National Labor Relations Board v. Southern Bell Telephone & Telegraph Co.

319 U.S. 50, 63 S. Ct. 905, 87 L. Ed. 1250, 1943 U.S. LEXIS 1187, 12 L.R.R.M. (BNA) 677
CourtSupreme Court of the United States
DecidedMay 3, 1943
DocketNos. 460, 461
StatusPublished
Cited by56 cases

This text of 319 U.S. 50 (National Labor Relations Board v. Southern Bell Telephone & Telegraph Co.) is published on Counsel Stack Legal Research, covering Supreme Court of the United States primary law. Counsel Stack provides free access to over 12 million legal documents including statutes, case law, regulations, and constitutions.

Bluebook
National Labor Relations Board v. Southern Bell Telephone & Telegraph Co., 319 U.S. 50, 63 S. Ct. 905, 87 L. Ed. 1250, 1943 U.S. LEXIS 1187, 12 L.R.R.M. (BNA) 677 (1943).

Opinion

Mr. Justice Reed

delivered the opinion of the Court.

On this certiorari the question is whether the order of the Board herein is supported by substantial evidence. Upon charges filed by the International Brotherhood of Electrical Workers, A. F. of L., the Board issued a complaint on February 17, 1941, against respondent Southern Bell Telephone and Telegraph Company, charging inter alia that respondent company was dominating and supporting respondent Southern Association of Bell Telephone Employees, hereafter referred to as the Association, as a labor organization of its employees in violation of § 8 (2) of the act, and that in other ways respondent company had interfered with the rights of its employees in the exercise of rights guaranteed them by § 7 in violation of § 8 (1) of the act. 1 After hearing, the Board made find *52 ings and conclusions in support of the stated charges and ordered that respondent cease and desist from dominating or interfering with the Association, from contributing financial and other support, recognizing it as the collective bargaining agency of its employees and giving effect to or entering into any collective bargaining contract with the Association and further that it cease and desist from interfering with its employees in the exercise of their rights, including the right to organize and bargain collectively, as guaranteed by § 7 of the act. Affirmative action ordered was that respondent withdraw all recognition from the Association and post appropriate notices to its employees.

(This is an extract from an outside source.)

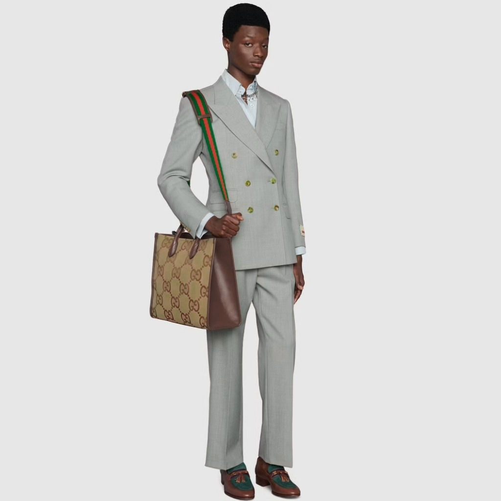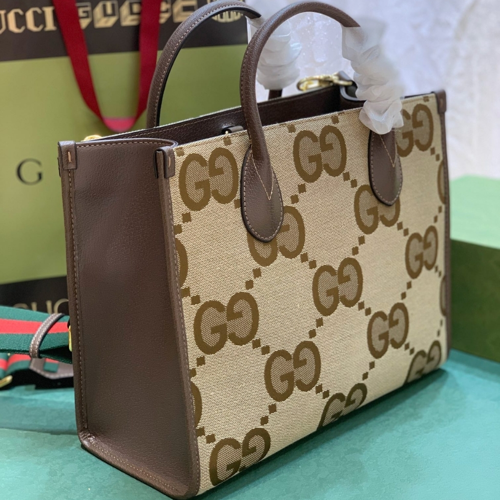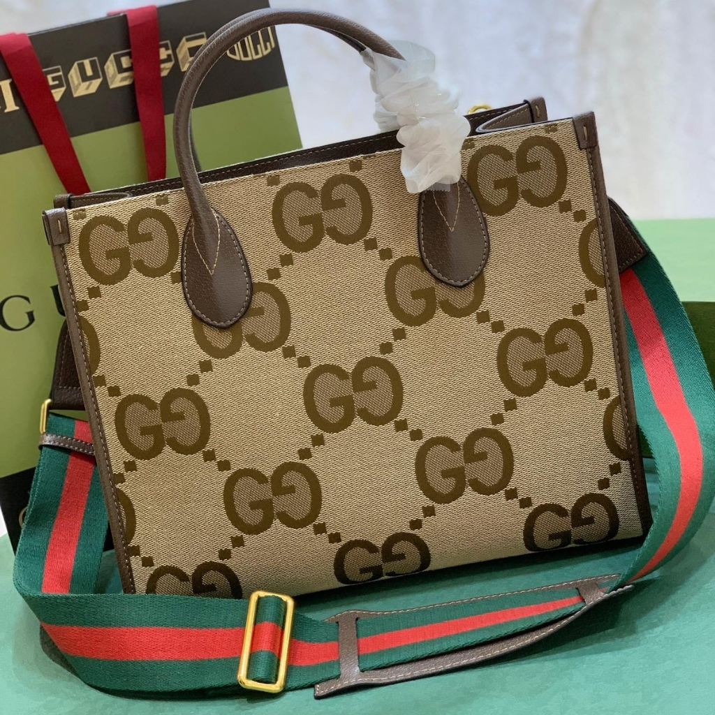 A statement everyday tote featuring Gucci’s iconic Jumbo GG canvas in a warm camel-ebony tone. The structured silhouette is elevated with brown leather trim and a bold green-red Web strap, giving it that unmistakable heritage vibe.

Separate petitions were filed in the court below by respondent and the Association to review this order and *53 the Board answered, requesting enforcement. The court below held that the Board’s findings were without support in the evidence and that the Board’s order requiring the respondent to withdraw recognition from and to disestablish the Association as the collective bargaining agency of its employees was an abuse of discretion and contrary to the policy of the act. It accordingly vacated the order of the Board and denied the Board’s petition for enforcement. We turn immediately to the facts of the ease and the Board’s findings.

Respondent does a general telephone business in nine southeastern states, furnishing local and long distance communication facilities, both interstate and intrastate. It has 23,000 employees and 1,375,000 siibscribers.

The Association was organized in 1919 by respondent Company to represent its employees as a labor organization and admittedly until July 5, 1935, the date of the passage of the National Labor Relations Act, respondent liberally contributed support to the Association. The factual center of controversy here, resolved by the Board against the respondent, is whether this domination and interference came to an end with the reorganization of the Association in the spring and summer of 1935 or at any later date before the complaint. Another act of disassociation is alleged by respondent to have taken place on February 14, 1941.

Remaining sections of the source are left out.